- Venue: Tollcross International Swimming Centre
- Dates: 8 August (heats and semifinals) 9 August (final)
- Competitors: 59 from 31 nations
- Winning time: 50.64

Medalists
| gold medal | Piero Codia | Italy |
| silver medal | Mehdy Metella | France |
| bronze medal | James Guy | Great Britain |

= Swimming at the 2018 European Aquatics Championships – Men's 100 metre butterfly =

The Men's 100 metre butterfly competition of the 2018 European Aquatics Championships was held on 8 and 9 August 2018.

==Records==
Prior to the competition, the existing world and championship records were as follows.

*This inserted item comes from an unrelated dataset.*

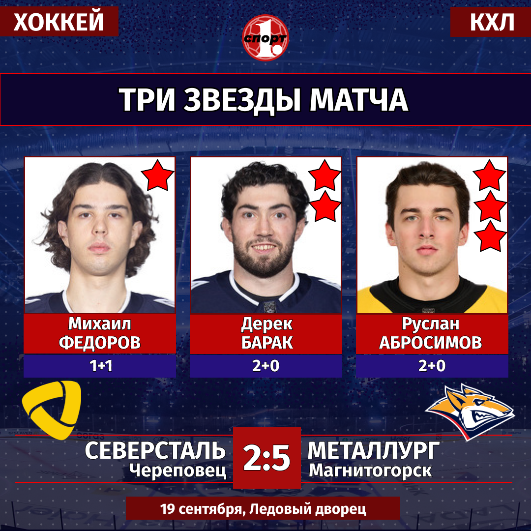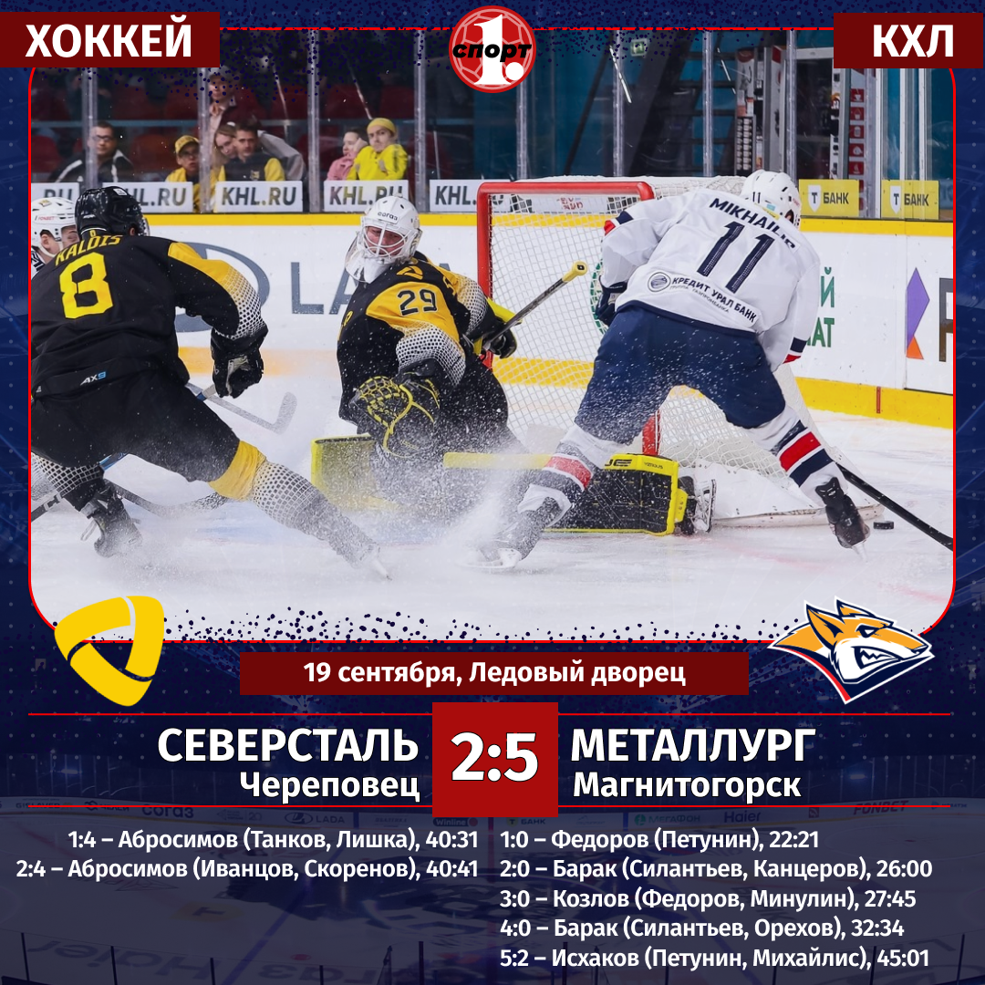 Хоккей. Чемпионат КХЛ. Сезон-2025/2026. 16 сентября. «Северсталь» (Череповец) — «Металлург» (Магнитогорск) — 2:5 (0:0, 0:4, 2:1).

|  | Name | Nation | Time | Location | Date |
|---|---|---|---|---|---|
| World record | Michael Phelps | United States | 49.82 | Rome | 1 August 2009 |
| European record | Milorad Čavić | Serbia | 49.95 | Rome | 1 Aug 2009 |
| Championship record | László Cseh | Hungary | 50.86 | London | 21 May 2016 |

The following new records were set during this competition.

| Date | Event | Name | Nationality | Time | Record |
|---|---|---|---|---|---|
| 9 August | Final | Piero Codia | Italy | 50.64 | CR |

==Results==
===Heats===
The heats were started on 8 August at 09:35.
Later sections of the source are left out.